━━ THE INPUT ━━

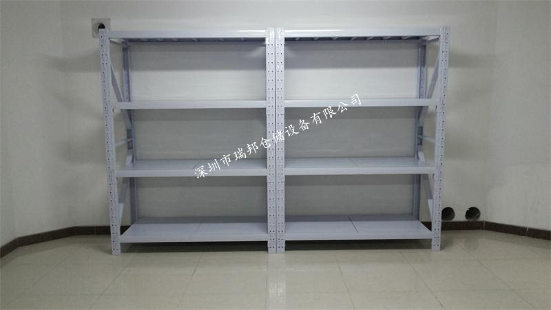 中型貨架是由立柱,橫梁,層板組裝而成的,獨立的一組有兩片立柱,這樣的貨架叫做主架。
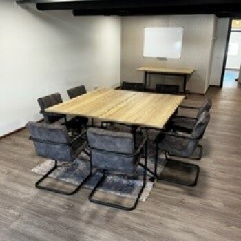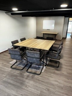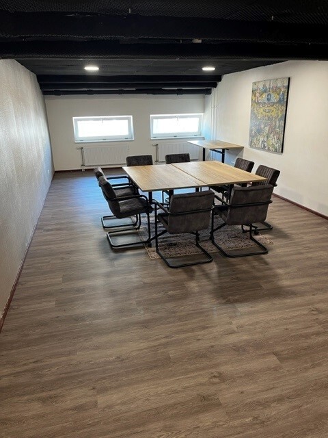 Standaard ingericht met 8 stoelen en 4 grote tafels (180 x 60), maar is zeker geschikt voor een groep tot 15 personen.
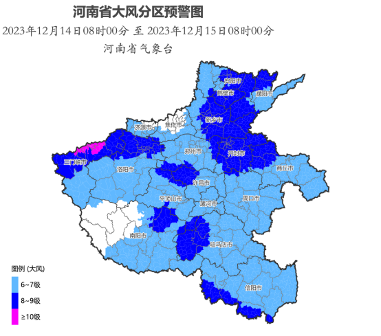 河南省气象台2023年12月13日16时发布大风蓝色预警:预计14日白天到夜里,全省大部偏北风4到5级,阵风6到7级,安阳、濮阳、鹤壁、新乡、郑州东部和西南部、开封、商丘西部、三门峡中北部、洛阳北部、平顶山北部和东南部、南阳东部、驻马店西部、信阳南部的部分县市阵风8到9级,三门峡北部局部10级或以上。请注意防范。上述地区的相邻县市(区)也需关注。
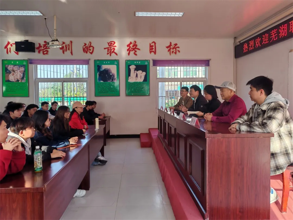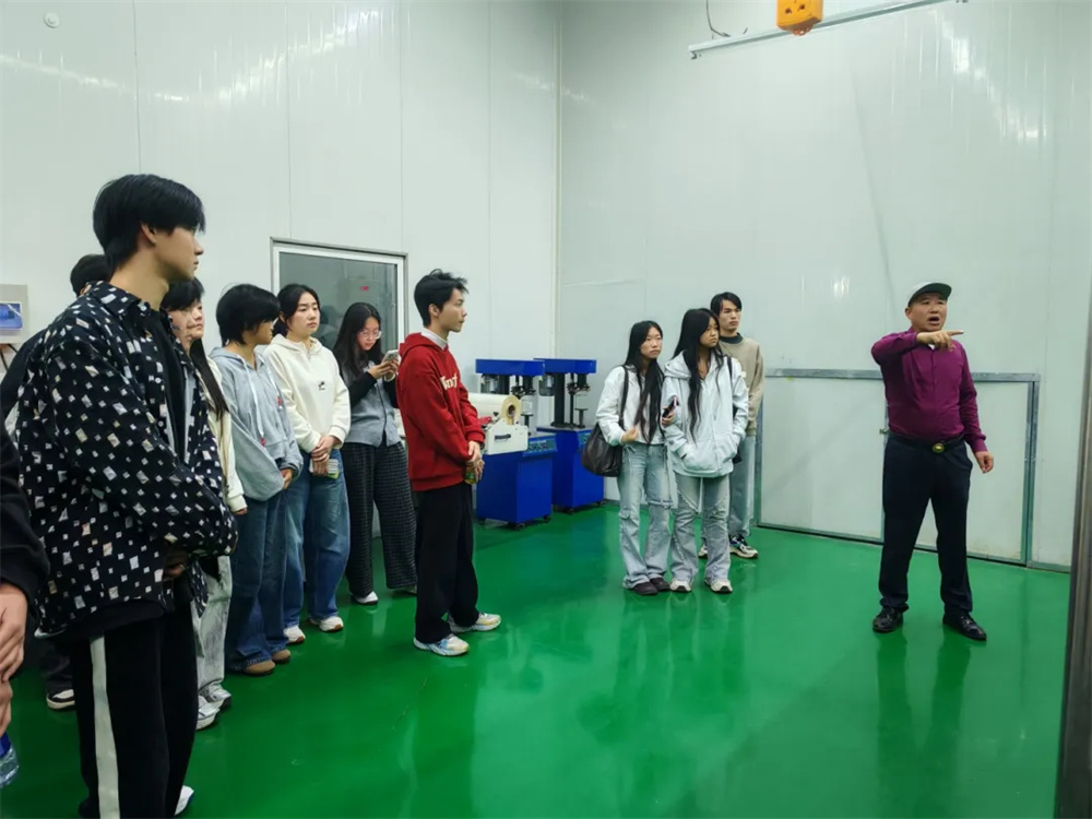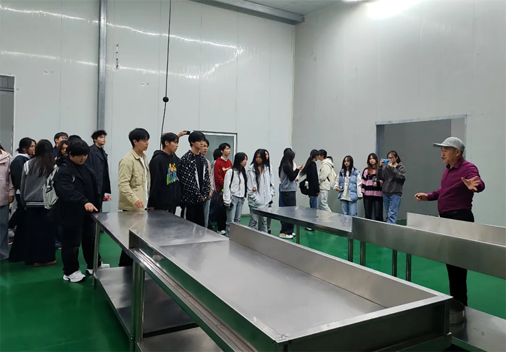 步入宽敞明亮的智能化生产车间,一条条自动化菌袋生产线正有条不紊地运转,高压灭菌柜等现代化设备一应俱全。最令师生们印象深刻的是,整个车间通过40台套智能感知与控制系统,对温度、湿度、光照等关键环境因子实现了全天候、高精度的自动调控,彻底颠覆了传统农业“靠天吃饭”的生产模式。许忠董事长介绍,这套由企业自主集成应用的智能化环控系统,能够为不同菌类的生长创造最适宜的环境,不仅显著提升了单位产量和产品品质,也充分展现了现代智慧农业的核心竞争力。车间内寥寥数名的技术人员与高效运转的智能设备所形成的鲜明对比,让同学们对“科技赋能产业”有了最直观而深刻的体会。
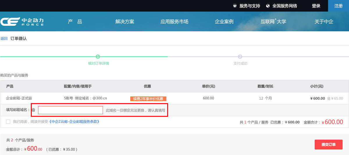 3) 您可以选择“余额支付”+“支付宝”组合支付(默认将账户余额全部使用,差额部分从支付宝完成支付;)支付成功后,您的邮箱即开通使用。

━━━

From the first line above to the last, reproduce the records exactly but without the pictures.

### RESULT FOR THIS EXERCISE
 中型貨架是由立柱,橫梁,層板組裝而成的,獨立的一組有兩片立柱,這樣的貨架叫做主架。
 Standaard ingericht met 8 stoelen en 4 grote tafels (180 x 60), maar is zeker geschikt voor een groep tot 15 personen.
 河南省气象台2023年12月13日16时发布大风蓝色预警:预计14日白天到夜里,全省大部偏北风4到5级,阵风6到7级,安阳、濮阳、鹤壁、新乡、郑州东部和西南部、开封、商丘西部、三门峡中北部、洛阳北部、平顶山北部和东南部、南阳东部、驻马店西部、信阳南部的部分县市阵风8到9级,三门峡北部局部10级或以上。请注意防范。上述地区的相邻县市(区)也需关注。
 步入宽敞明亮的智能化生产车间,一条条自动化菌袋生产线正有条不紊地运转,高压灭菌柜等现代化设备一应俱全。最令师生们印象深刻的是,整个车间通过40台套智能感知与控制系统,对温度、湿度、光照等关键环境因子实现了全天候、高精度的自动调控,彻底颠覆了传统农业“靠天吃饭”的生产模式。许忠董事长介绍,这套由企业自主集成应用的智能化环控系统,能够为不同菌类的生长创造最适宜的环境,不仅显著提升了单位产量和产品品质,也充分展现了现代智慧农业的核心竞争力。车间内寥寥数名的技术人员与高效运转的智能设备所形成的鲜明对比,让同学们对“科技赋能产业”有了最直观而深刻的体会。
 3) 您可以选择“余额支付”+“支付宝”组合支付(默认将账户余额全部使用,差额部分从支付宝完成支付;)支付成功后,您的邮箱即开通使用。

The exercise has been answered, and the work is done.